Raw data:

· · · · · · ·

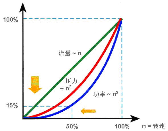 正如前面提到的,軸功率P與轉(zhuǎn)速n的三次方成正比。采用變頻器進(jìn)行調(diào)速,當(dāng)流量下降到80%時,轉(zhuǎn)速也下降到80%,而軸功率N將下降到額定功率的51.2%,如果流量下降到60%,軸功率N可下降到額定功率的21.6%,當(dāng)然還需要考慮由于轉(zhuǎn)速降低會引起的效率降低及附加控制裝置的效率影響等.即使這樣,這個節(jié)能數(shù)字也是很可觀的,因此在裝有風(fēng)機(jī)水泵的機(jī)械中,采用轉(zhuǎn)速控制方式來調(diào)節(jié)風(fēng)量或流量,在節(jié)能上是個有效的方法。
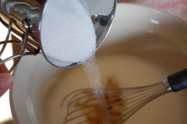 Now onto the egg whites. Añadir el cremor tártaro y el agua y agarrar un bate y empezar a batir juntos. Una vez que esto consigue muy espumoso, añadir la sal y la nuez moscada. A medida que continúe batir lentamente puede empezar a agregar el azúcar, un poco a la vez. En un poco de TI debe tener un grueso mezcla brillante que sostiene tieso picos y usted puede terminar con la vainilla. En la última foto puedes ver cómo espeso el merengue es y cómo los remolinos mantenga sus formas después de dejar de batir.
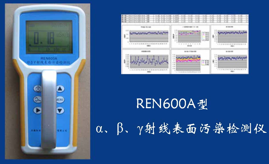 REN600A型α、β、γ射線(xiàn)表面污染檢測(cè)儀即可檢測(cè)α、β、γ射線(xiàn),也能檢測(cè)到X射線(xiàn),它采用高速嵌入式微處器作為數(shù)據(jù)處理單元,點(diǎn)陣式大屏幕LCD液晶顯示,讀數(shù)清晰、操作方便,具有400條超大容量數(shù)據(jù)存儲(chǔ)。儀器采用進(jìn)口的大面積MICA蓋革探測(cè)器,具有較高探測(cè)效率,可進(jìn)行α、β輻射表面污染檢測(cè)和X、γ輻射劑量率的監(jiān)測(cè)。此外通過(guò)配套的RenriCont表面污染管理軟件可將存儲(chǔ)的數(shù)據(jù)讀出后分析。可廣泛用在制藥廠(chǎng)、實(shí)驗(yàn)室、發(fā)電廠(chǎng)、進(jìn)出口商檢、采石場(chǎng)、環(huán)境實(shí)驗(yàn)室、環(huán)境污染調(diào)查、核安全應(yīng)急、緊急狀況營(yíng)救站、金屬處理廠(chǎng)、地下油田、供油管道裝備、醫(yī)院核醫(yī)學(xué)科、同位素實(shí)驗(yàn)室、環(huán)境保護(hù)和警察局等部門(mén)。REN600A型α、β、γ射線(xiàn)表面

· · · · · · ·

Exercise:
Leave out the pictures and repeat the remaining data exactly.

Final answer:
 正如前面提到的,軸功率P與轉(zhuǎn)速n的三次方成正比。采用變頻器進(jìn)行調(diào)速,當(dāng)流量下降到80%時,轉(zhuǎn)速也下降到80%,而軸功率N將下降到額定功率的51.2%,如果流量下降到60%,軸功率N可下降到額定功率的21.6%,當(dāng)然還需要考慮由于轉(zhuǎn)速降低會引起的效率降低及附加控制裝置的效率影響等.即使這樣,這個節(jié)能數(shù)字也是很可觀的,因此在裝有風(fēng)機(jī)水泵的機(jī)械中,采用轉(zhuǎn)速控制方式來調(diào)節(jié)風(fēng)量或流量,在節(jié)能上是個有效的方法。
 Now onto the egg whites. Añadir el cremor tártaro y el agua y agarrar un bate y empezar a batir juntos. Una vez que esto consigue muy espumoso, añadir la sal y la nuez moscada. A medida que continúe batir lentamente puede empezar a agregar el azúcar, un poco a la vez. En un poco de TI debe tener un grueso mezcla brillante que sostiene tieso picos y usted puede terminar con la vainilla. En la última foto puedes ver cómo espeso el merengue es y cómo los remolinos mantenga sus formas después de dejar de batir.
 REN600A型α、β、γ射線(xiàn)表面污染檢測(cè)儀即可檢測(cè)α、β、γ射線(xiàn),也能檢測(cè)到X射線(xiàn),它采用高速嵌入式微處器作為數(shù)據(jù)處理單元,點(diǎn)陣式大屏幕LCD液晶顯示,讀數(shù)清晰、操作方便,具有400條超大容量數(shù)據(jù)存儲(chǔ)。儀器采用進(jìn)口的大面積MICA蓋革探測(cè)器,具有較高探測(cè)效率,可進(jìn)行α、β輻射表面污染檢測(cè)和X、γ輻射劑量率的監(jiān)測(cè)。此外通過(guò)配套的RenriCont表面污染管理軟件可將存儲(chǔ)的數(shù)據(jù)讀出后分析。可廣泛用在制藥廠(chǎng)、實(shí)驗(yàn)室、發(fā)電廠(chǎng)、進(jìn)出口商檢、采石場(chǎng)、環(huán)境實(shí)驗(yàn)室、環(huán)境污染調(diào)查、核安全應(yīng)急、緊急狀況營(yíng)救站、金屬處理廠(chǎng)、地下油田、供油管道裝備、醫(yī)院核醫(yī)學(xué)科、同位素實(shí)驗(yàn)室、環(huán)境保護(hù)和警察局等部門(mén)。REN600A型α、β、γ射線(xiàn)表面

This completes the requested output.